In short, academia got utterly schooled by a small group at Google spending a relatively small dollar amount on compute, using techniques that in hindsight are fairly described as "simplistic". There's no way around it.

2 comments

I don't think AlQuraishi really hits the mark in his critique. The mere fact that hundreds or thousands of people working on a problem for decades doesn't account for the fact that the field of machine learning has been growing extremely rapidly over the last decade, the compute power available has grown exponentially, and the people working on the problem simply weren't looking at the problem in the way that the deepmind people were looking at it.

If you were trying to get across the Atlantic, this would be like getting upset at a group of bridgebuilders for trying to solve the problem by building a bridge across instead of by inventing the airplane. The approaches are that different.

> and the people working on the problem simply weren't looking at the problem in the way that the deepmind people were looking at it.
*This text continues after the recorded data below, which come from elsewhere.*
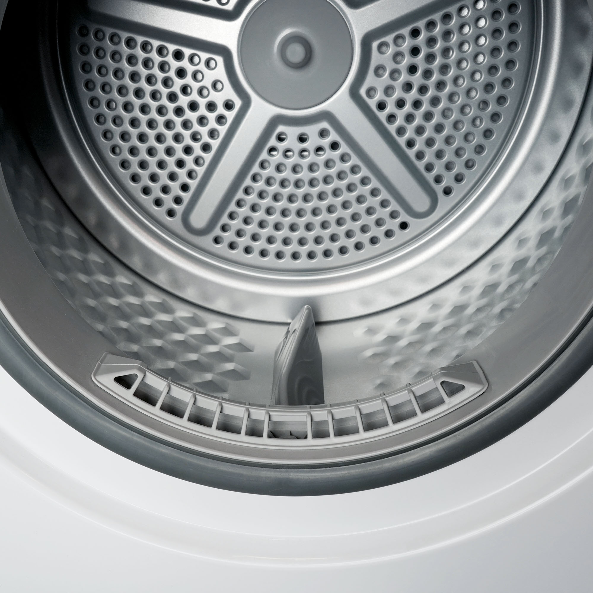 This tumble dryer features intuitive electronic touch controls for easy operation, combined with its stylish white finish, making it a modern and efficient addition to your home.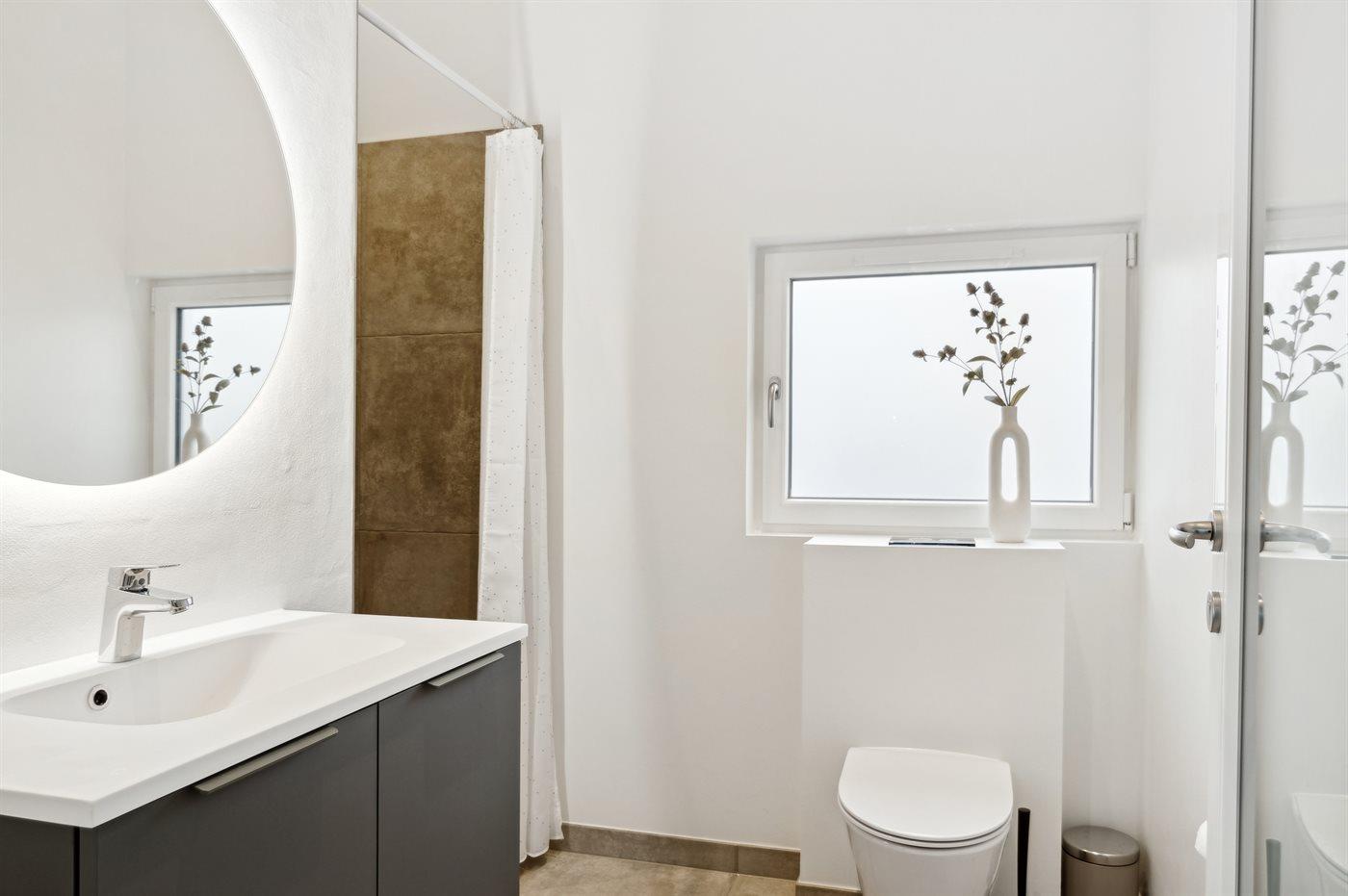 Der er 4 badeværelser med bruseniche og 3 toiletter. Der er gulvvarme på 4 badeværelser. I saunaen er der mulighed for afslapning.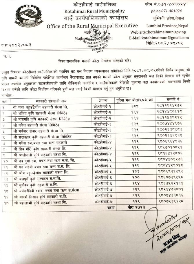 मल कोटा निर्धारण बारे l

>The approaches are that different.

I'm not sure if that analogy applies here. DeepMind wasn't the first group tackling structure prediction with machine learning. Their success lies in the innovations that they implemented (predicting interresidue distances as opposed to contacts, for example).

To be fair, I'm not sure that they are "simplistic" in the sense that, e.g., writing a neural network to recognise cat pictures is now simplistic. I don't know how many people have Deepmind levels of expertise in ML, or could implement what they have done, but I doubt it is many, and they are thinly spread amongst many interesting problems.